Following the Fascist takeover the legislative integration of Julian March into Italy began, which formally occurred in 1922. By 1923 Topnomy laws reinvented the identities of these provinces; Slavic street names and monuments were changed to celebrate and promote Italian contemporary persons. By 1924 the integration of the Slavic community of Julian March was further intensified as all foreign language newspapers were required to publish Italian translations and schools were prohibited from teaching in foreign languages.
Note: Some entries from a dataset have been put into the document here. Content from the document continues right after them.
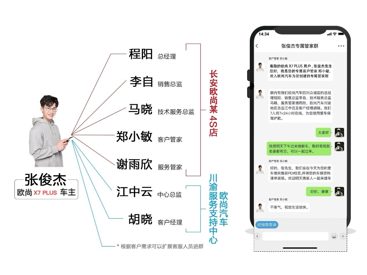 值得注意的是,为了让车主在用车养车过程中遇到的问题能够快速、专业地解决,实现客户全生命周期的关怀,长安欧尚汽车为长安欧尚X7 PLUS车主建立专属管家服务群。该群以1 X的形态构建,即群内只有一名客户(可包含其亲属),多名服务人员(服务人员包含经销商人员和总部职能人员)。专属管家群实现客户问题发起-问题解决-问题满意-问题关闭闭环的全链路管理;基于客户的生命周期,设置了如首保、例保等关怀提醒,基于群内工作人员的服务满意度,向客户推送直评问券等。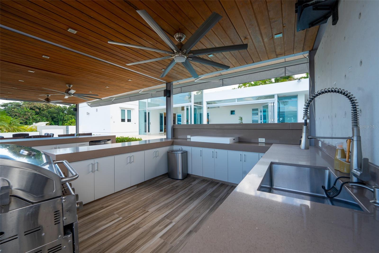 Aninhado no bairro exclusivo em Estencias de Torimar em Guaynabo, Porto Rico, esta impressionante residência de luxo de 4 quartos e 6 banheiros oferece 3.971 pés quadrados de elegância incomparável e sofisticação moderna. Desde o momento em que você chega, o exterior meticulosamente projetado o cumprimenta com uma mistura de arquitetura contemporânea e beleza natural, com vidros amplos de vidro que fornecem vistas panorâmicas da paisagem da ilha exuberante. A casa fica em um lote generoso, oferecendo privacidade e serenidade enquanto ainda está convenientemente localizado perto de escolas de primeira linha, compras, restaurantes e marcos culturais. Entre para descobrir um grande espaço de vida de conceito aberto que combina perfeitamente a funcionalidade com o estilo. A expansiva sala de estar apresenta tetos altos, pisos finos de mármore e iluminação personalizada, criando um ambiente perfeito para relaxamento e divertido. A cozinha gourmet é o sonho de um chef, equipado com aparelhos de ponta, armários elegantes e bancadas em granito, tornando-o ideal para preparar refeições requintadas. Cada um dos quatro quartos é um retiro privado, com banheiros luxuosos e armários embutidos. O quarto principal tem acesso direto ao terraço da piscina fechada que convida você a desfrutar do ambiente tropical em paz. Os espaços de estar ao ar livre da casa são tão impressionantes quanto seu interior, oferecendo vários terraços, uma piscina refrescante e uma cozinha externa totalmente equipada, perfeita para hospedar reuniões ou simplesmente desenrolar enquanto desfruta das vistas deslumbrantes da paisagem do Caribe. Recursos adicionais incluem um home theater de última geração, um elevador, uma incrível adega com um molhado Bar, um terraço fechado com A/C e um terraço de telhado de madeira externo adicional com cozinha e bar, um gerador completo e uma cisterna de 600 galões. Esta residência representa o auge do luxo que vive em Guaynabo, combinando confortos modernos com a beleza e tranquilidade dos melhores imóveis de Porto Rico 3.971 pés quadrados | 953 m² | HOA $ 400/MO. | Crim $ 3.426
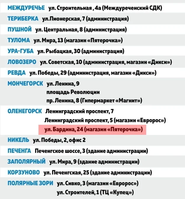 Оперштаб опубликовал список адресов, по которым можно получить одноразовые маски. Один из них, в Оленегорске, судя по карте, оказался похоронным бюро (в инфографике штаба значится супермаркет).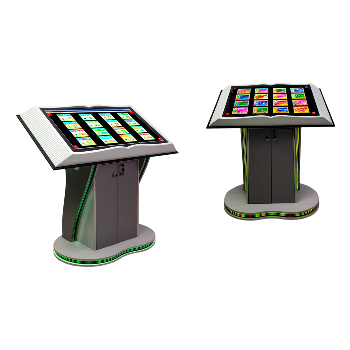 Интерактивная книга является единой мультимедийной сенсорной системой в стилизованном корпусе. Верхняя часть интерактивной книги представляет собой антивандальный сенсорный монитор, заключенный в декоративный корпус, выполненный в виде развернутой книги.  Нижняя часть сенсорной книги представляет собой стойку со светодиодными декоративными вставками. Интерактивный монитор расположен под оптимальным углом для удобства пользователя.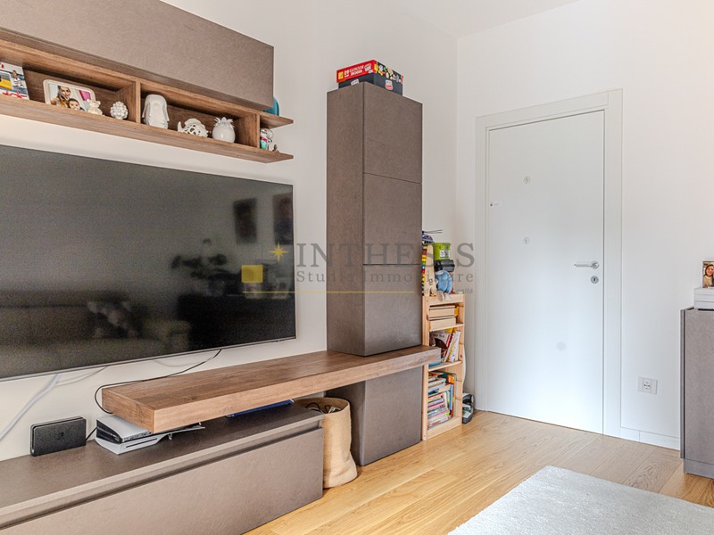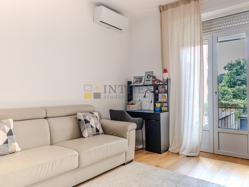 Le finiture interne sono eleganti e moderne: parquet in rovere chiaro in tutta la casa, serramenti rinnovati, riscaldamento centralizzato con termovalvole e impianto di climatizzazione con pompa di calore caldo/freddo.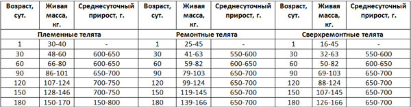 Таблиця, наведена нижче, допоможе вам визначити норми ваги і середньодобового приросту маси на основних етапах розвитку молодняка.

Assimilating policies, however, were most aggressive between the years 1924–1927. It was during these years that policies were formally put in place discriminating against Slavic Minorities. Examples include the transformation of 500 Slovene and Croatian primary schools into Italian language schools, as well as the deportation of one thousand Slavic teachers to other parts of Italy, and the formal closure of 500 Slav societies and a number of Slavic libraries. Slav surnames were also replaced by Italianized versions. Eventually all evidence of non-Italian names, even on old gravestones, were destroyed. Houses were searched for foreign language literature and alien cultural and athletic organizations were purged of non-Italian content. Finally land and property were confiscated from Slovene peasant farmers and redistributed to new Italian settlers.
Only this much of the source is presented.